Work item:
For the entries below, copy exactly the line that contains "Container truck in" through the line that contains "Photo features Kaikos", both ends included, and exclude all pictures.

Excerpted records:
──────
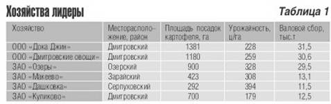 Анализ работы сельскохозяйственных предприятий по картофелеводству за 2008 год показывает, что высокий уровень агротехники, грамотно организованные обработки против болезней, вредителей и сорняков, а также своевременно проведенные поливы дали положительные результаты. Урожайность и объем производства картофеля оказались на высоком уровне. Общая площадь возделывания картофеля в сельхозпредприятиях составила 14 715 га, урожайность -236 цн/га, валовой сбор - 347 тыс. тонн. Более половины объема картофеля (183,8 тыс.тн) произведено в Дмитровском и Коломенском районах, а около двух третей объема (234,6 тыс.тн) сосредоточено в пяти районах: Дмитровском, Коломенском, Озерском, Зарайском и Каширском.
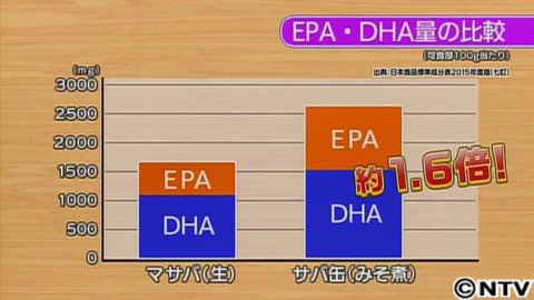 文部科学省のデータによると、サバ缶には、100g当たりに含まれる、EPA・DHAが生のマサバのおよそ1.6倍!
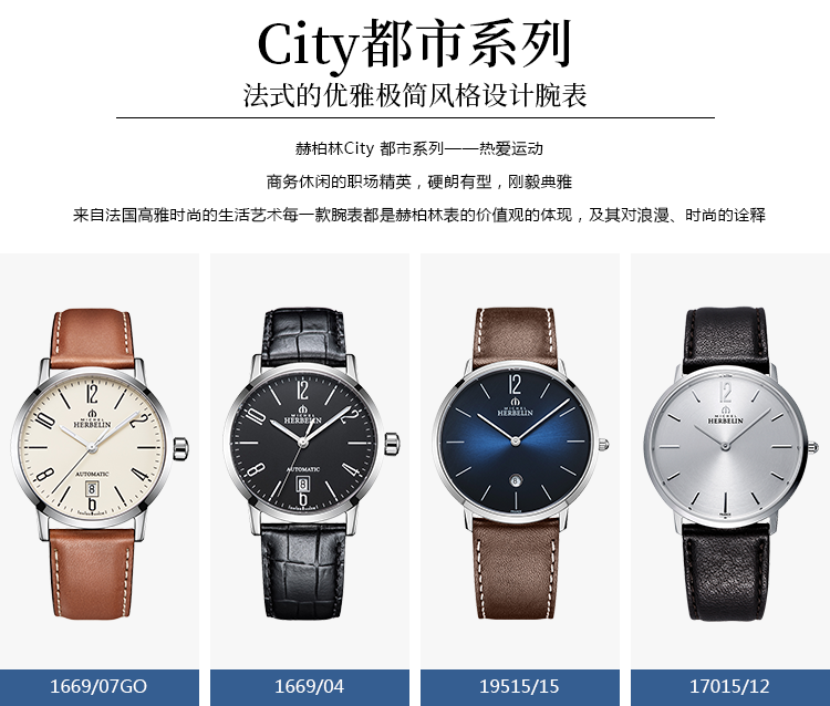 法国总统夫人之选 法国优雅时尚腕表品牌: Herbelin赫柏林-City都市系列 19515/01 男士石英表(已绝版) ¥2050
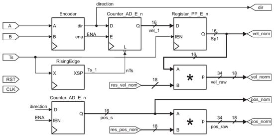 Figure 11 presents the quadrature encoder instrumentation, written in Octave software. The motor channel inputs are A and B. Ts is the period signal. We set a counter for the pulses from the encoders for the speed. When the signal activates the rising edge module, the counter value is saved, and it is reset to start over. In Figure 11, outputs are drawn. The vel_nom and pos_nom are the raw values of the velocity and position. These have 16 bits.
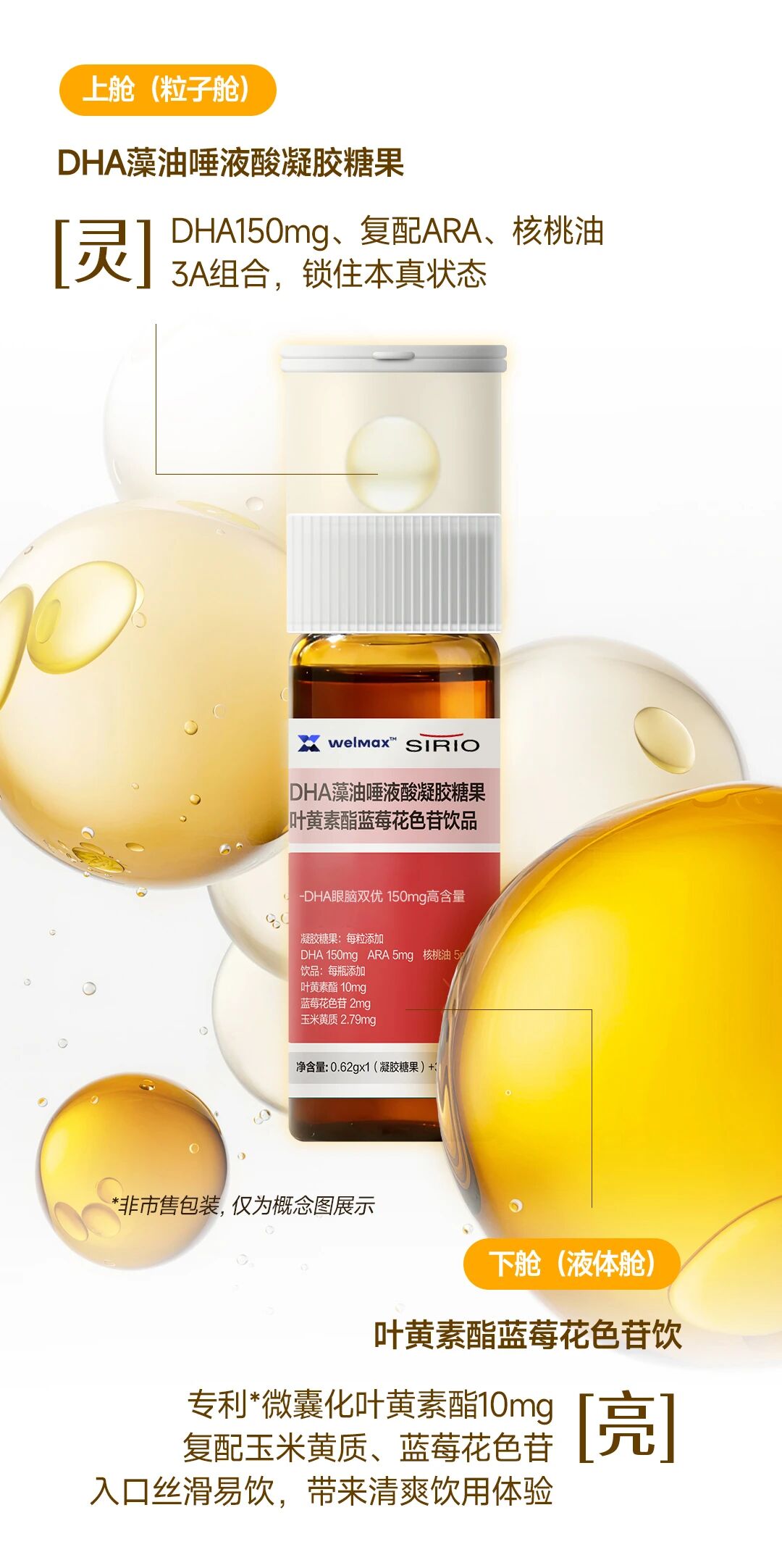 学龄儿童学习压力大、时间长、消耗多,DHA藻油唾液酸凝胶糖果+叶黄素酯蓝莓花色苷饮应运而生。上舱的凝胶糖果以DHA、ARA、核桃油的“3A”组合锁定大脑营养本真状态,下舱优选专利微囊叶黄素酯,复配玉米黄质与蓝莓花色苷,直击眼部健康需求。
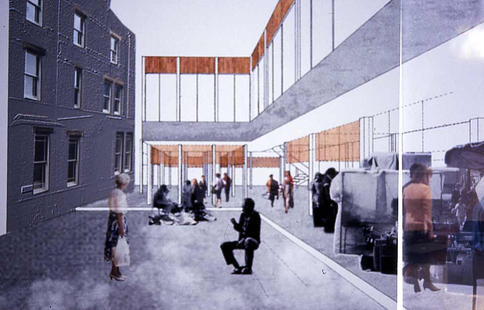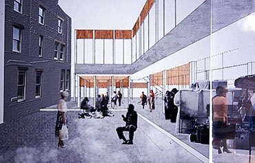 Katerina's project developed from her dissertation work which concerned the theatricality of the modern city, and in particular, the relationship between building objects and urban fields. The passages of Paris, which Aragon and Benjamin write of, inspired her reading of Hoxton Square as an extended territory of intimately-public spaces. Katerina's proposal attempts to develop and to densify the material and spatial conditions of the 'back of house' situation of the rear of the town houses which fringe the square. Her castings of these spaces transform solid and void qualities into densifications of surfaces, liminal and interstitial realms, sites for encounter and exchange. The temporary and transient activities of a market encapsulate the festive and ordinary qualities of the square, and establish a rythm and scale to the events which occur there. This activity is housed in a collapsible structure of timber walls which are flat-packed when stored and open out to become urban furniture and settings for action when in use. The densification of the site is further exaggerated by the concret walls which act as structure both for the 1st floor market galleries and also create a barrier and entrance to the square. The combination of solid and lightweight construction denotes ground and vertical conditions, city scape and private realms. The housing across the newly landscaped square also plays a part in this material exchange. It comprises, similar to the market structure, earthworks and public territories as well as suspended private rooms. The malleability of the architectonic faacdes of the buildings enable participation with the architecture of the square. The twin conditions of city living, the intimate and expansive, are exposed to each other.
──────
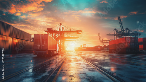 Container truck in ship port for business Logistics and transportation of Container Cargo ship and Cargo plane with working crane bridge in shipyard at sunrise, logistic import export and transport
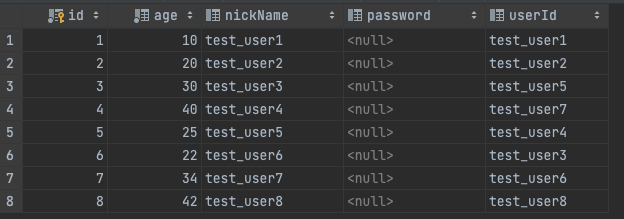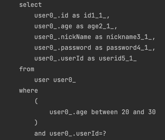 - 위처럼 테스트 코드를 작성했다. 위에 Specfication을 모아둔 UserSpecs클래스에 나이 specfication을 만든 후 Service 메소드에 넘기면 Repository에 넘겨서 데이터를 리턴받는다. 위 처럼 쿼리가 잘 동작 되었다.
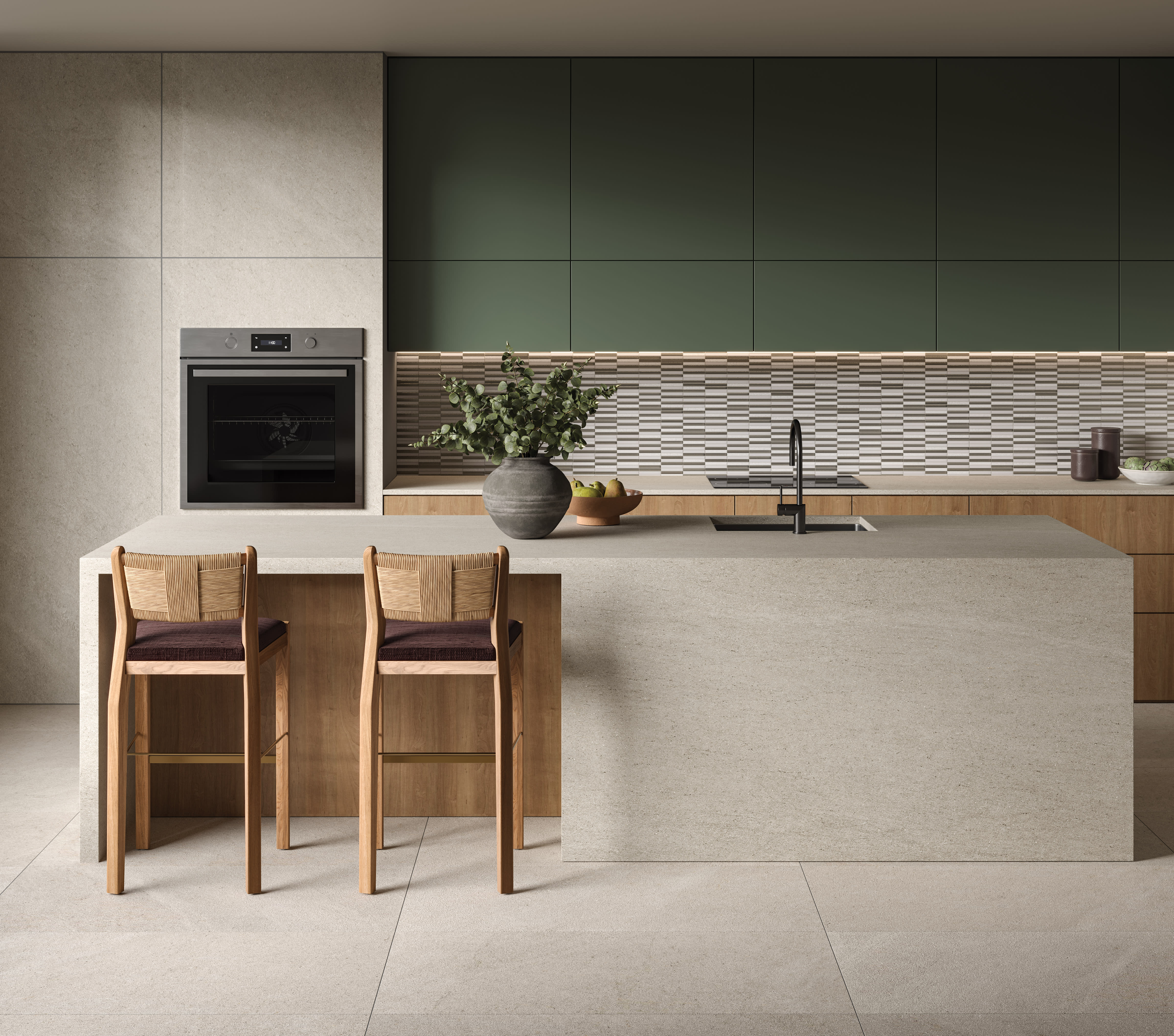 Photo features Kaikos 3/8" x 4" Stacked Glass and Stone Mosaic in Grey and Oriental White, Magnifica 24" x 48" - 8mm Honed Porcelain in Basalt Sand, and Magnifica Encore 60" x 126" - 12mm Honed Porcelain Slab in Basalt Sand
──────
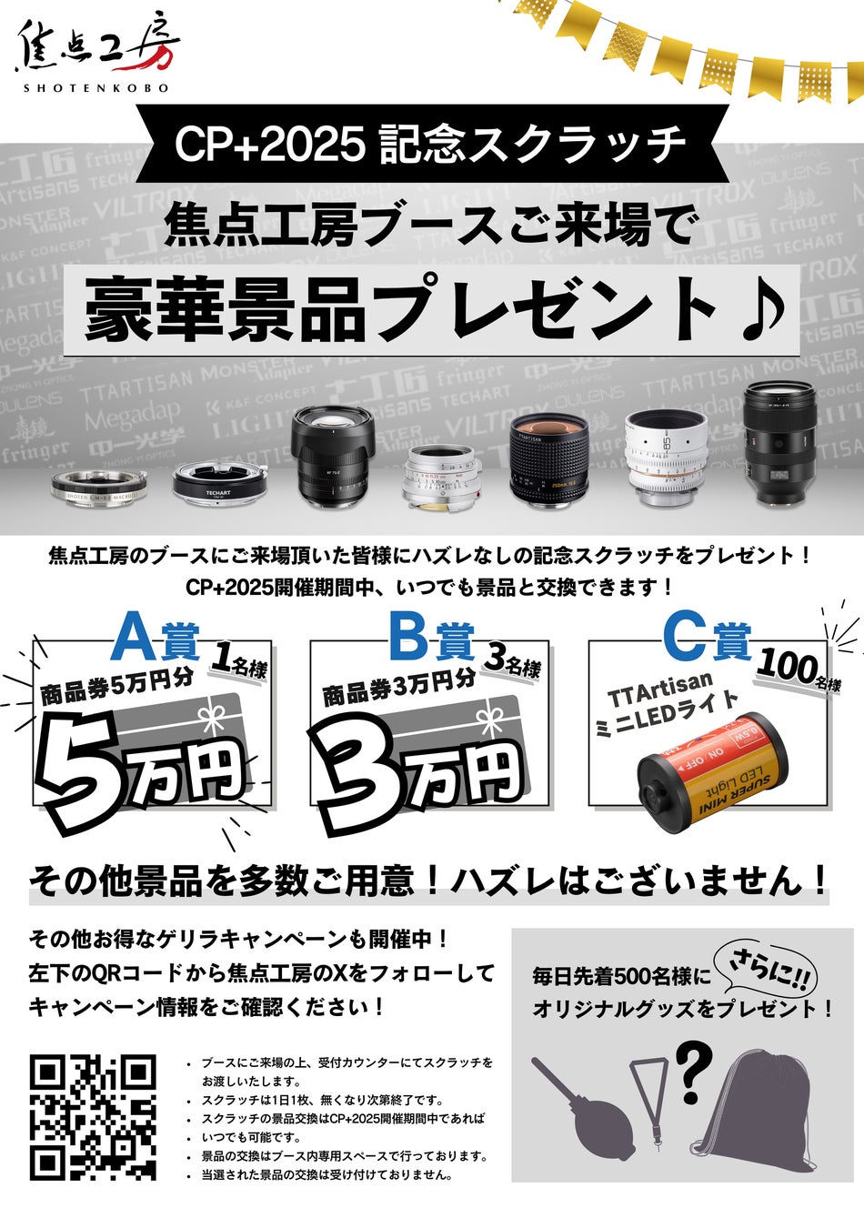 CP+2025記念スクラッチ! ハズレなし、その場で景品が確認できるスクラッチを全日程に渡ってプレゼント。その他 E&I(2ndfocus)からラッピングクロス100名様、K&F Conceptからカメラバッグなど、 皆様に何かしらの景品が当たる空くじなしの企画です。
──────
Exercise answer:
 Container truck in ship port for business Logistics and transportation of Container Cargo ship and Cargo plane with working crane bridge in shipyard at sunrise, logistic import export and transport
 - 위처럼 테스트 코드를 작성했다. 위에 Specfication을 모아둔 UserSpecs클래스에 나이 specfication을 만든 후 Service 메소드에 넘기면 Repository에 넘겨서 데이터를 리턴받는다. 위 처럼 쿼리가 잘 동작 되었다.
 Photo features Kaikos 3/8" x 4" Stacked Glass and Stone Mosaic in Grey and Oriental White, Magnifica 24" x 48" - 8mm Honed Porcelain in Basalt Sand, and Magnifica Encore 60" x 126" - 12mm Honed Porcelain Slab in Basalt Sand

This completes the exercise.